AWS EC2 Route Table Modified or Deleted
Low impact • Coverage change
New rule added to identify AWS CloudTrail events where an EC2 route table or association has been modified or deleted, aimed at detecting potential disruptions in network traffic.

✎ Modified rules

Interactive Shell from System User Detection
High impact • Coverage change
Additional conditions for user '_apt' and 'man' processes were added to increase detection accuracy.

AWS Systems Manager SecureString Parameter Request with Decryption Flag
Medium impact • Metadata change
Updated the index pattern and clarified user ID evaluation logic for enhanced alert accuracy.

AWS IAM Assume Role Policy Update
Medium impact • Coverage change
Updated the detection logic to identify modifications in IAM role's trust policy and adjusted temporal parameters for the rule to trigger based on specific AWS CloudTrail events.

Privilege Escalation Role Assumption by Service
Medium impact • Coverage change
Revised the rule to focus on additional specific AWS services that can invoke role assumption, improving detection scope.

IPv4/IPv6 Forwarding Activity
Medium impact • Coverage change
Updated the rule to exclude additional parent process names for better filtering of command and control activity.

Potential Protocol Tunneling via Chisel Client
Medium impact • Coverage change
Expanded the exclusion filter for process names to improve accuracy of detection.
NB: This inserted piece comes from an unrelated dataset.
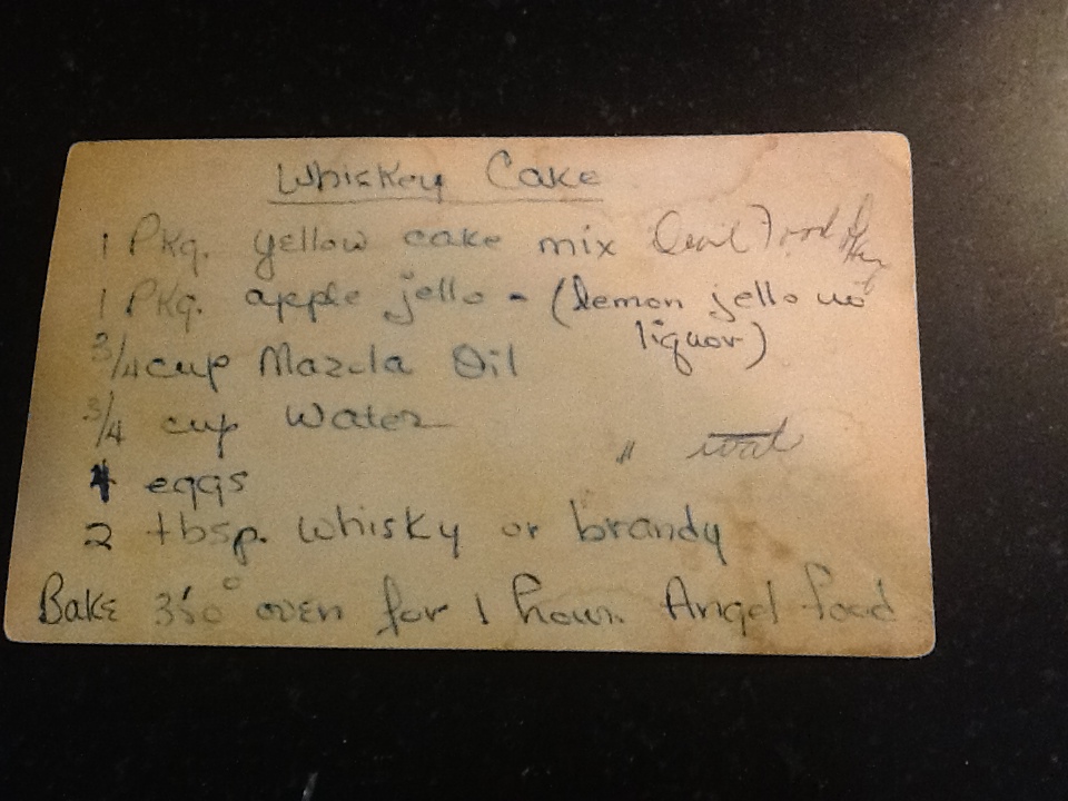 For a real taste of nostalgia, I love to pull out one of Ginny’s cake recipes, with her very distinct handwriting. They never cease to delight. I sometimes feel that I have pulled away from this simple, yet delicious way of baking, and get all too caught up in deserts that you might see made on TV shows like “The Cake Boss.” I’m not saying that you can compare the two, but there is a true “homemade” taste to this Whiskey Cake recipe (and other Ginny cake mix creations) that takes me back in time to when food food was simple, and so was life. Or so it seemed.

Suspicious Network Activity to the Internet by Previously Unknown Executable
Medium impact • Coverage change
Expanded the monitored process names to include 'filebeat', 'apk', 'cursor', and 'http'.

Defense Evasion via ACL Modification
Medium impact • Coverage change
Updated the args condition to include additional exclusions, enhancing detection accuracy for potential ACL modifications.

Defense Evasion Attempt to Disable auditd Service
Medium impact • Coverage change
Updated the process.args condition to exclude cases where the parent process is 'auditd.prerm'.

Defense Evasion Attempt to Disable syslog Service
Medium impact • Coverage change
Updated the process.args condition to exclude cases where the parent process is 'rsyslog-rotate'.

Attempt to Clear Kernel Ring Buffer
Medium impact • Coverage change
Modified argument filtering for the 'dmesg' process and updated the last modified date.

Hidden Shared Object Detection
Medium impact • Coverage change
Updated the exclusion from 'dockerd' to include 'azcopy' and 'podman'.

SELinux Configuration Creation or Renaming
Medium impact • Coverage change
Modified the EQL query to exclude the 'platform-python' process from triggering the rule.

Linux Discovery Process Monitoring
Medium impact • Coverage change
Updated the 'not process.name' condition to exclude 'packetbeat' along with 'agentbeat'.

Linux Security File Access via Common Utility
Medium impact • Coverage change
Added additional exclusion to 'process.parent.name' to include 'lynis' in the rule condition.

Unusual User Privilege Enumeration via id
Medium impact • Coverage change
Updated the query to include additional process.parent.name checks and modified logic for parent process filtering.

SigmaHQ/sigma (+2, ✎3)

https://github.com/SigmaHQ/sigma

New rules significantly improve threat coverage: detecting suspicious file activity in public folders and registry changes affecting Windows Event Log permissions, both flagged as high severity.

Modified rules focus on reducing noise and improving accuracy. The "Failed Code Integrity Checks" rule now includes CrowdStrike filters to lower false positives. The "Renamed PowerShell Under PowerShell Channel" rule addresses edge cases involving double backslashes to sharpen detection. EventIDs 4658 and 4660 were removed from the "WCE wceaux.dll Access" rule to refine detection logic by eliminating irrelevant data points.

+ New rules

Suspicious Binaries and Scripts in Public Folder
High impact • Coverage change
Introduced a new rule that detects the creation of files with suspicious extensions in the public folder, indicating potential malicious activity.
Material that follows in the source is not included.